The expected value of the score at the true parameter is $0$, so the Fisher information becomes:
$$\mathcal{I}(\theta) = \mathbb{E}[s(\theta)^2] = \mathbb{E}[\frac{\partial}{(\partial \theta} \log f(X; \theta))^2 | \theta]$$
Let's now find the Fisher information of your estimator for the uniform distribution.
The probability distribution function (pdf) of the uniform distribution is:
$$f(x; \theta) = \frac{1}{\theta}$$
The likelihood function is then $\mathcal{L}(\theta) = \frac{1}{\theta}$, so the log-likelihood function is $\log \mathcal{L}(\theta) = - \log (\theta)$.
Let us now express the score by taking the derivative of the log-likelihood function.
$$s(\theta) = -\frac{1}{\theta}$$
Finally, let us compute the Fisher information of the uniformly distributed random variable (not the estimator's Fisher information!).

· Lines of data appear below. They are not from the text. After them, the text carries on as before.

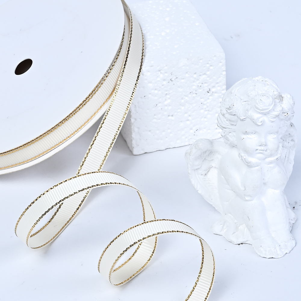 3/8“(9mm)Gold Metallic-Edge Grosgrain Ribbon 028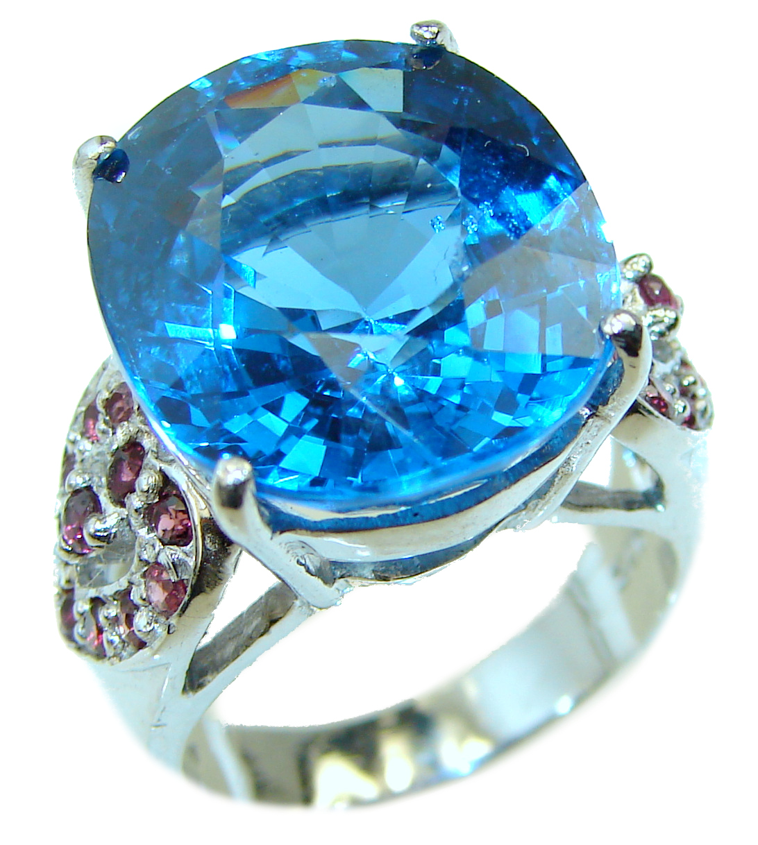Large Electric Blue Topaz .925 Sterling Silver handmade Ring size 7 1/2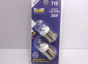 Лампа светодиодная 24V T15 6 диодов SMD белая (BA15s) (P21W) Silver 220Lm (2835) блистер 2шт (МАЯК)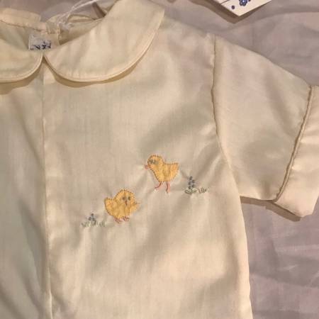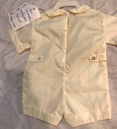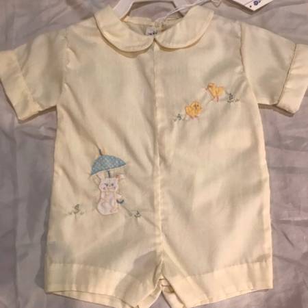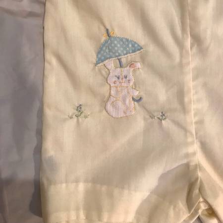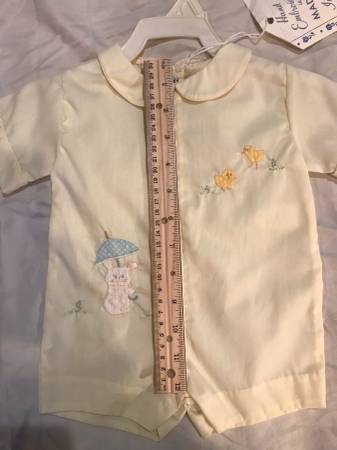 Hand embroidered romper. The label says size M but shoulder to crotch is 12" so it is likely preemie or newborn. Nonsmoking no pets home. CASH or Venmo only. Please include a few proposed times to...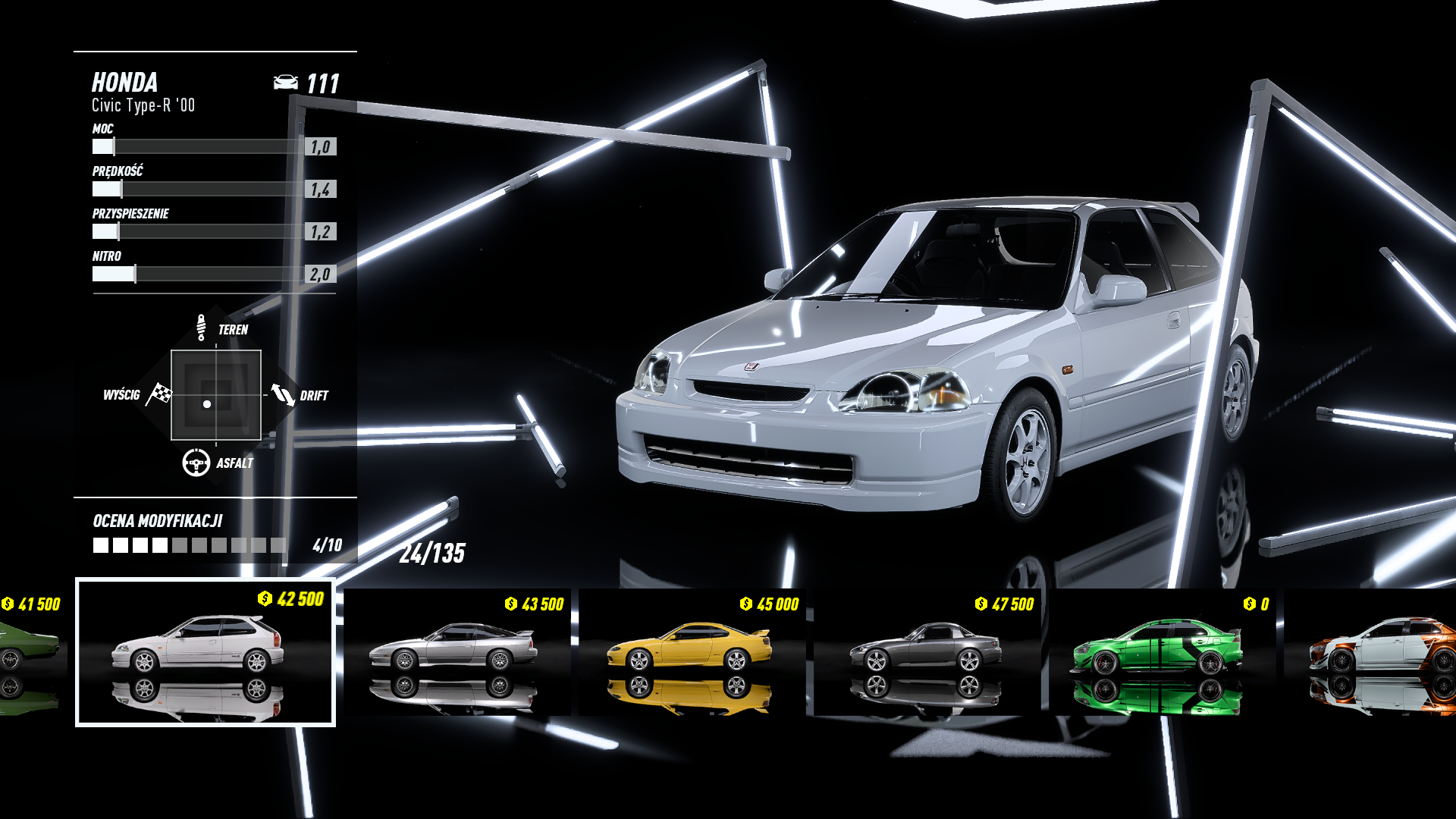 | Honda Civic Type-R | 2000 | Hot hatch | 111 | 42,500 | 182 | 489 | 4/10 | Osiągnij 20 poziom REP | Podstawowa wersja gry | |

$$\mathcal{I}(\theta) = \int_0^{\theta} \frac{1}{\theta} \cdot (-\frac{1}{\theta})^2 dx = \frac{1}{\theta^3} \cdot \theta = \frac{1}{\theta^2}$$
Now that we have the Fisher information of the uniformly distributed random variable, the Cramér-Rao lower bound (CRB) is equal to $\theta^2$.
All that is left to do is to compute the variance of the estimator. To do so, you just take the empirical variance. Now, you can see how close your estimator comes to the CRB.